*ACTIVITY*.
The answer must be an exact reprint of the lines from the one with "临安科达认证技术荣获省级科技" through the final line of the data, with no pictures included.

*DATA*.

════════════════════

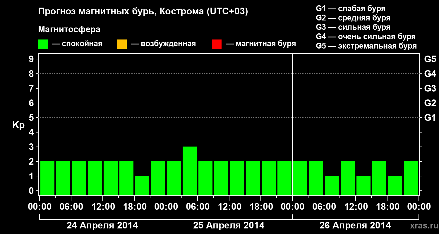 Прогноз магнитных бурь в Костроме — 24 апреля 2014 года
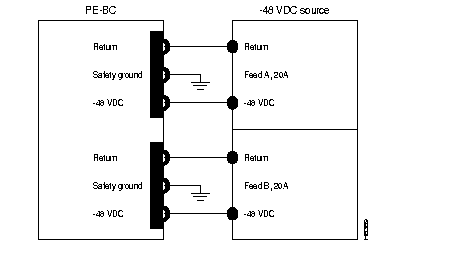 Wiring is connected from one or two -48 VDC power sources to one or two DC PEMs. StrataCom does not provide this wiring. Instead, the installer or customer must supply it. These wires should be capable of carrying 20 Amps. Figure 2-12 is a wiring diagram for a redundant DC power source.
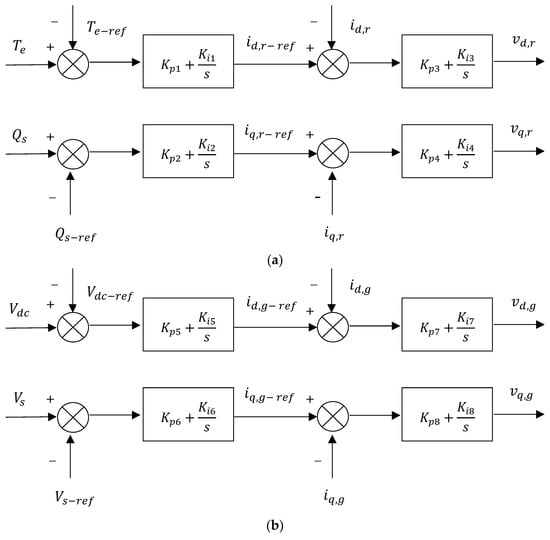 DFIG converter control system: (a) RSC control, (b) GSC control.
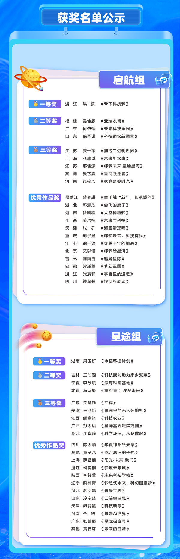 大賽開(kāi)始以來(lái),得到了社會(huì)各界的廣泛關(guān)注與參與,全國(guó)23個(gè)賽區(qū)共收到8.5萬(wàn)幅參賽作品,從中推選出230幅優(yōu)秀作品參與全國(guó)總決賽的評(píng)比。經(jīng)過(guò)激烈的角逐和專(zhuān)家評(píng)委們的嚴(yán)格評(píng)審,評(píng)審出了“一等獎(jiǎng)”2件、“二等獎(jiǎng)”6件、“三等獎(jiǎng)”10件、“優(yōu)秀作品獎(jiǎng)”24件,共計(jì)42件獲獎(jiǎng)作品。來(lái)自全國(guó)各地的參賽小藝術(shù)家們手執(zhí)畫(huà)筆,在方寸郵票上精心描繪未來(lái)科技世界的奇妙圖景,充滿(mǎn)想象力的作品不僅獲得各位評(píng)審專(zhuān)家的高度贊譽(yù),更成為展現(xiàn)新時(shí)代少兒科學(xué)素養(yǎng)與創(chuàng)新活力的亮麗窗口。
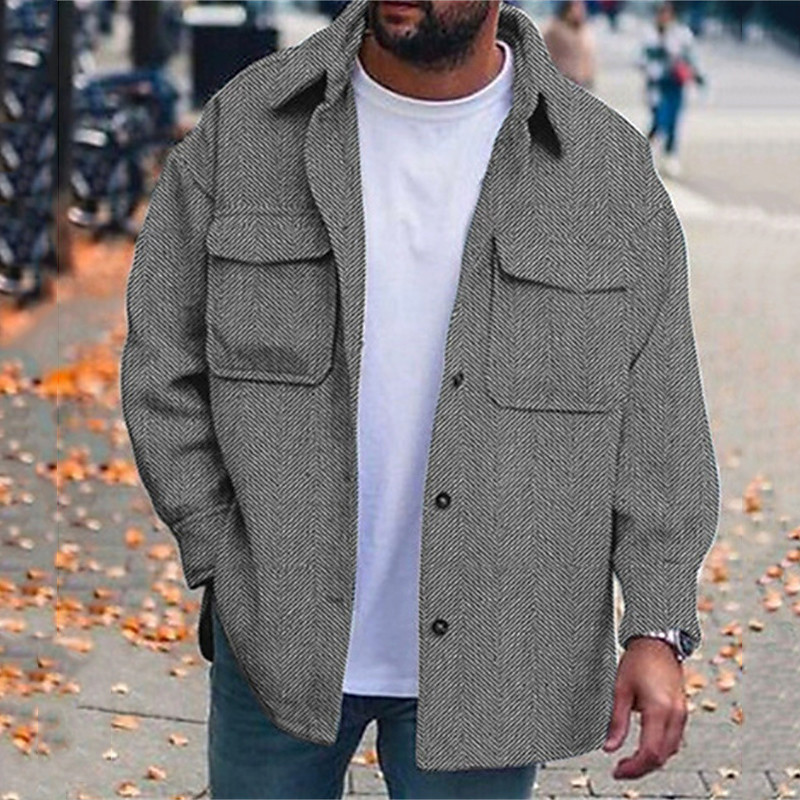 Men's Lightweight Jacket Casual Jacket Work Jacket Casual Daily Pocket Button-Down Spring Fall Plain Herringbone Streetwear Stylish Turndown Regular Blue Black Brown Green Khaki Jacket
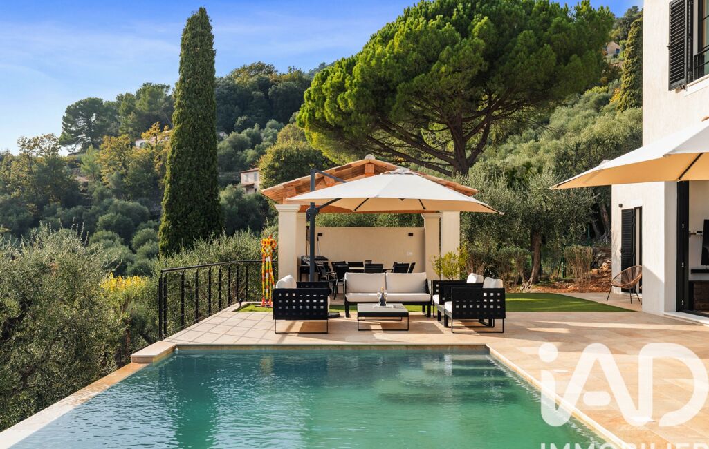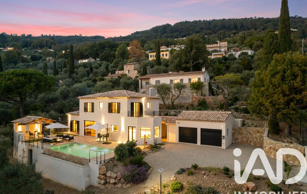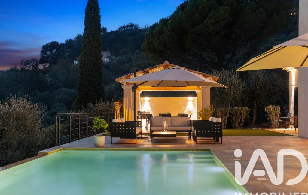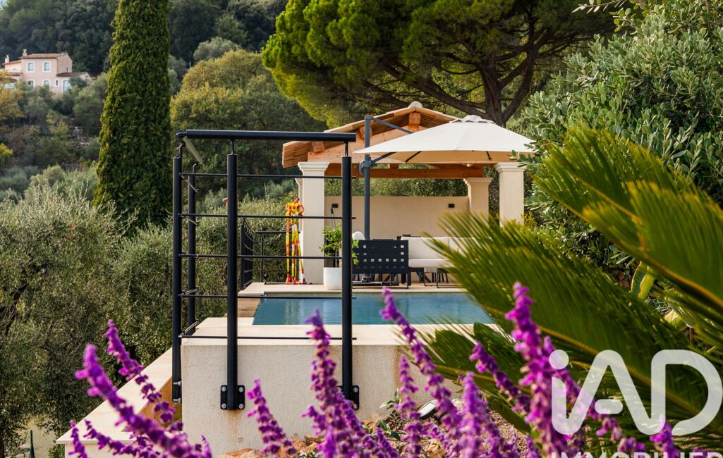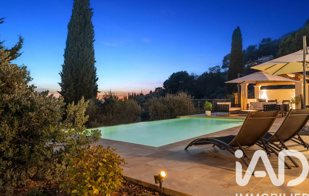 Les extérieurs constituent un véritable lieu de vie : terrain paysagé de 1 250 m² accueillant 22 oliviers et diverses essences méditerranéennes, piscine à débordement de 50 m³ avec traitement UV et éclairage nocturne, pool house, abri de jardin, trois terrasses, trois places de stationnement, ainsi qu’un double garage isolé de 33 m².
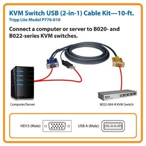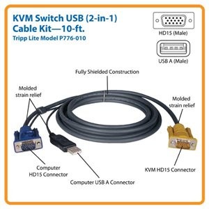 Quickly and easily connect a console to your Tripp Lite B020- or B022-Series KVM Switches. This Tripp Lite cable kit allows you to directly connect a console (keyboard, monitor and mouse) to Tripp Lite B020- and B022-Series rackmount and desktop KVMs. The P776-010 comes with VGA video and a USB-A keyboard/mouse connector. Unlike cut-price cables and adapters, the P776-010 is manufactured to exact specifications, using superior materials, for a difference you can clearly see.
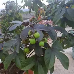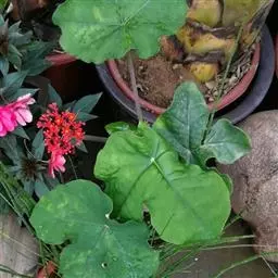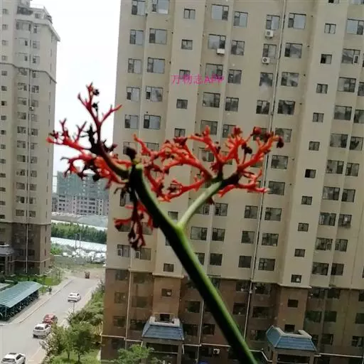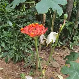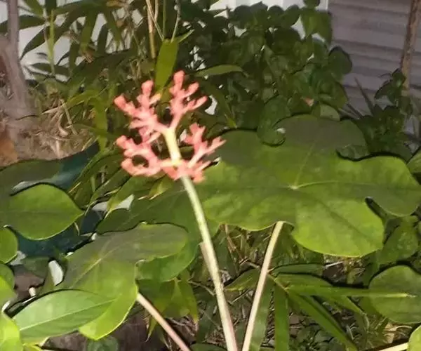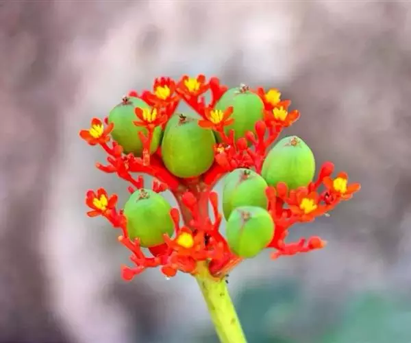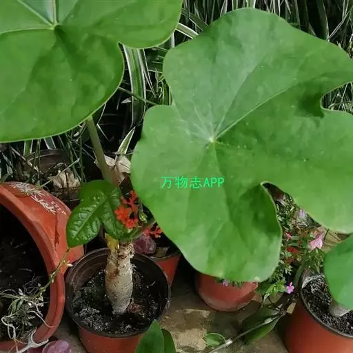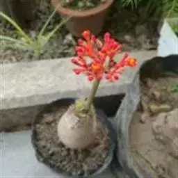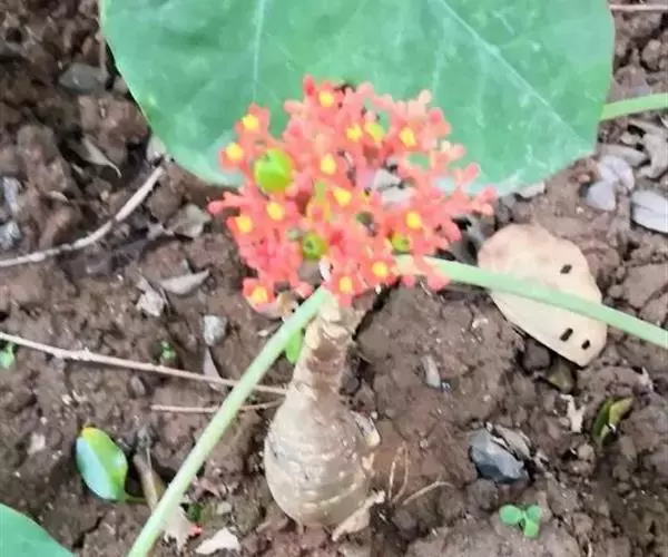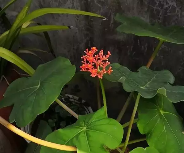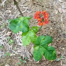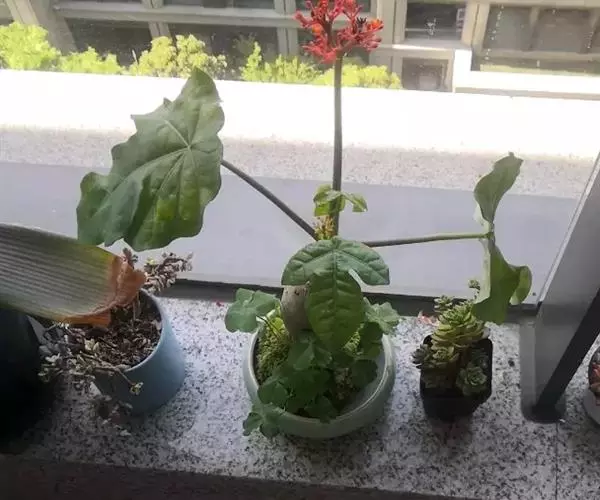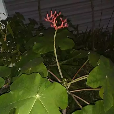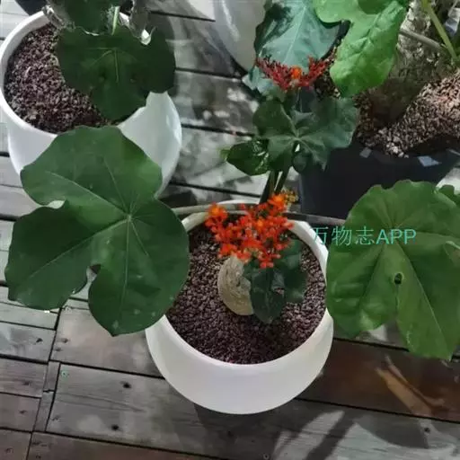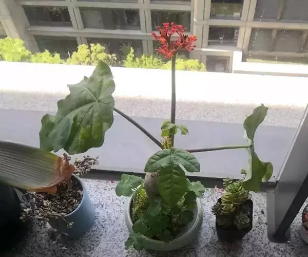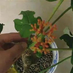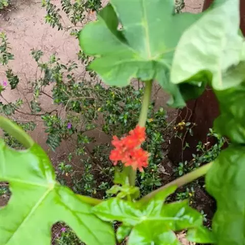 佛肚树(学名:Jatropha podagrica Hook.)是大戟科麻疯树属的肉质灌木,茎基部膨大呈卵圆状棒形,茎端两歧分叉。茎表皮灰色易脱落。叶簇生分枝顶端,绿色,光滑又稍具蜡质白粉。托叶角质分叉,刺状,宿存于茎枝上很长时间。花序长15厘米,重复两歧分叉,花鲜红色。
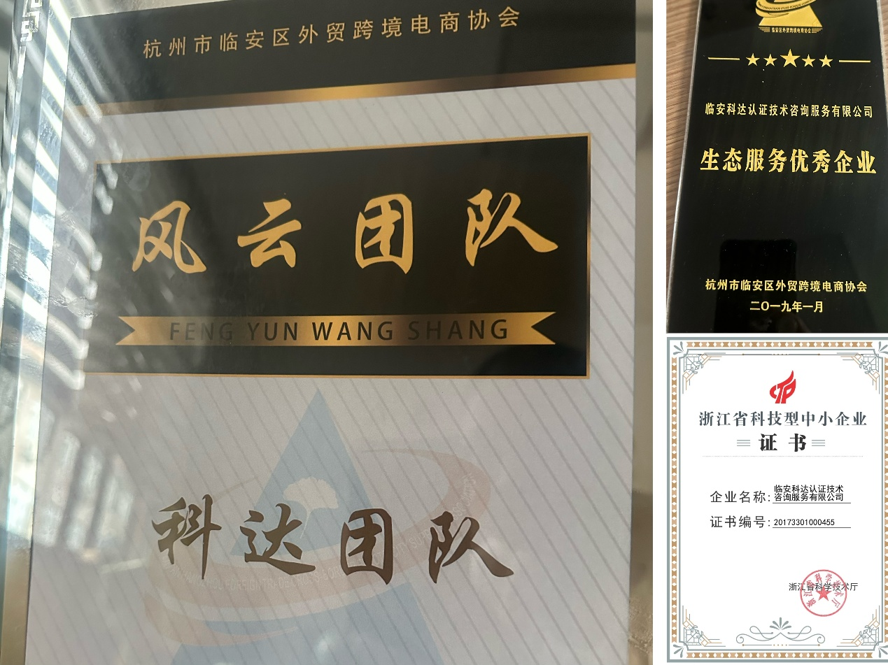 临安科达认证技术荣获省级科技型企业,杭州市临安区跨境电商协会授予“风云团队”称号,杭州临安区外贸跨境电商协会授予“生态服务优秀企业”等荣誉称号。
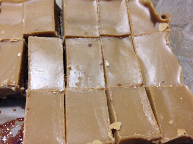 This recipe is super easy and is done in two steps so you get that beautiful layer of chocolate and walnuts on the bottom and sunflower seed butter on the top! Now, my pictures didn’t turn out quite as lovely as Trina’s did, but it tastes great, which is the best part!

════════════════════

*SOLUTION*.
 临安科达认证技术荣获省级科技型企业,杭州市临安区跨境电商协会授予“风云团队”称号,杭州临安区外贸跨境电商协会授予“生态服务优秀企业”等荣誉称号。
 This recipe is super easy and is done in two steps so you get that beautiful layer of chocolate and walnuts on the bottom and sunflower seed butter on the top! Now, my pictures didn’t turn out quite as lovely as Trina’s did, but it tastes great, which is the best part!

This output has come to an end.